───── STORED DATA
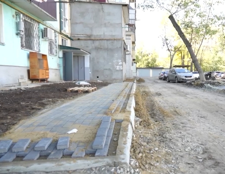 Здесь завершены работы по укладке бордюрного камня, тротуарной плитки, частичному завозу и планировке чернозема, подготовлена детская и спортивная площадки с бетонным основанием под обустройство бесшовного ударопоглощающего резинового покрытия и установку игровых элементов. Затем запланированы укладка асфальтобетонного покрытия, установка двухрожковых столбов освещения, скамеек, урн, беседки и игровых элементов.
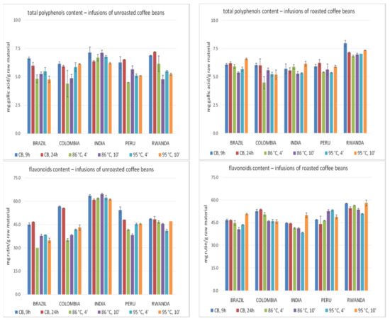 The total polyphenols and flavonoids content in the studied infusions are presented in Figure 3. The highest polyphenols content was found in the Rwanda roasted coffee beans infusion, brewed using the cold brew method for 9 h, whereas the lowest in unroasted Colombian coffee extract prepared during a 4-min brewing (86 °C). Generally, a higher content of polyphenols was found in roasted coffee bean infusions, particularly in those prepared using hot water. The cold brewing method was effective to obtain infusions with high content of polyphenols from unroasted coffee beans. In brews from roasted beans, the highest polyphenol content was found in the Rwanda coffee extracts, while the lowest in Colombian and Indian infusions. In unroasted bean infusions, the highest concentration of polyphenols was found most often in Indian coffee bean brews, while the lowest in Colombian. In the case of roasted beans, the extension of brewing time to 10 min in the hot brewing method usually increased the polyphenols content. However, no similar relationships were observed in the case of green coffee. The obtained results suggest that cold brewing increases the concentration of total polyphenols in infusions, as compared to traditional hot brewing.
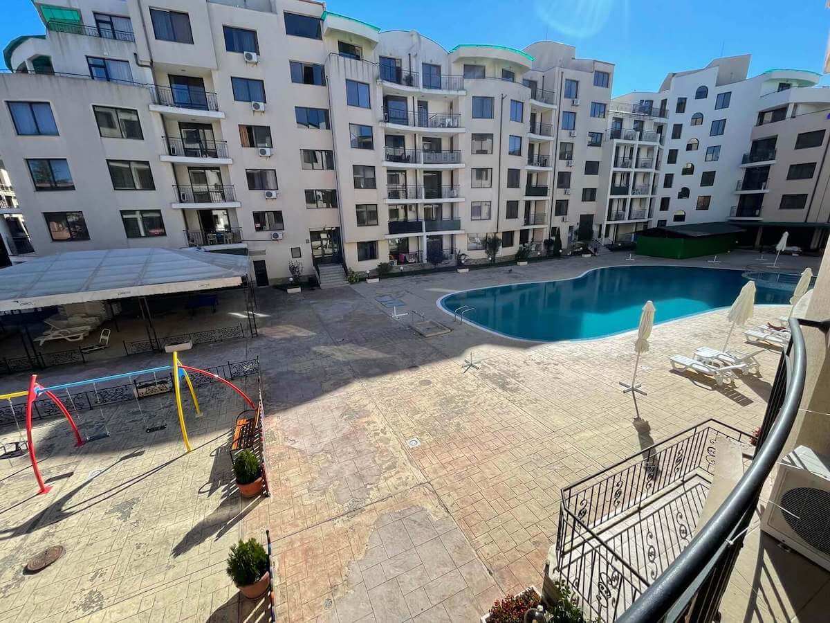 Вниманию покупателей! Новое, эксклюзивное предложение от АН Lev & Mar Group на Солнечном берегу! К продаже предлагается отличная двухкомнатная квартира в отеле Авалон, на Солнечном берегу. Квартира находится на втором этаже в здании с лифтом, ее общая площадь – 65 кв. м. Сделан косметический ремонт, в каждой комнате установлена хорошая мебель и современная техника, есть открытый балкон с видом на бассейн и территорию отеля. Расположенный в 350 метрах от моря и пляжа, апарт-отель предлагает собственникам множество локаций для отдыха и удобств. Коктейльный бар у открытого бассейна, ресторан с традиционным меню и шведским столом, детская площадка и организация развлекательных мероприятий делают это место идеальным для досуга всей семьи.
──────────
_WHAT YOU HAVE TO DO_: Exactly as written, return every line of the listing, but not the pictures.

_SOLUTION TO THIS TASK_:
 Здесь завершены работы по укладке бордюрного камня, тротуарной плитки, частичному завозу и планировке чернозема, подготовлена детская и спортивная площадки с бетонным основанием под обустройство бесшовного ударопоглощающего резинового покрытия и установку игровых элементов. Затем запланированы укладка асфальтобетонного покрытия, установка двухрожковых столбов освещения, скамеек, урн, беседки и игровых элементов.
 The total polyphenols and flavonoids content in the studied infusions are presented in Figure 3. The highest polyphenols content was found in the Rwanda roasted coffee beans infusion, brewed using the cold brew method for 9 h, whereas the lowest in unroasted Colombian coffee extract prepared during a 4-min brewing (86 °C). Generally, a higher content of polyphenols was found in roasted coffee bean infusions, particularly in those prepared using hot water. The cold brewing method was effective to obtain infusions with high content of polyphenols from unroasted coffee beans. In brews from roasted beans, the highest polyphenol content was found in the Rwanda coffee extracts, while the lowest in Colombian and Indian infusions. In unroasted bean infusions, the highest concentration of polyphenols was found most often in Indian coffee bean brews, while the lowest in Colombian. In the case of roasted beans, the extension of brewing time to 10 min in the hot brewing method usually increased the polyphenols content. However, no similar relationships were observed in the case of green coffee. The obtained results suggest that cold brewing increases the concentration of total polyphenols in infusions, as compared to traditional hot brewing.
 Вниманию покупателей! Новое, эксклюзивное предложение от АН Lev & Mar Group на Солнечном берегу! К продаже предлагается отличная двухкомнатная квартира в отеле Авалон, на Солнечном берегу. Квартира находится на втором этаже в здании с лифтом, ее общая площадь – 65 кв. м. Сделан косметический ремонт, в каждой комнате установлена хорошая мебель и современная техника, есть открытый балкон с видом на бассейн и территорию отеля. Расположенный в 350 метрах от моря и пляжа, апарт-отель предлагает собственникам множество локаций для отдыха и удобств. Коктейльный бар у открытого бассейна, ресторан с традиционным меню и шведским столом, детская площадка и организация развлекательных мероприятий делают это место идеальным для досуга всей семьи.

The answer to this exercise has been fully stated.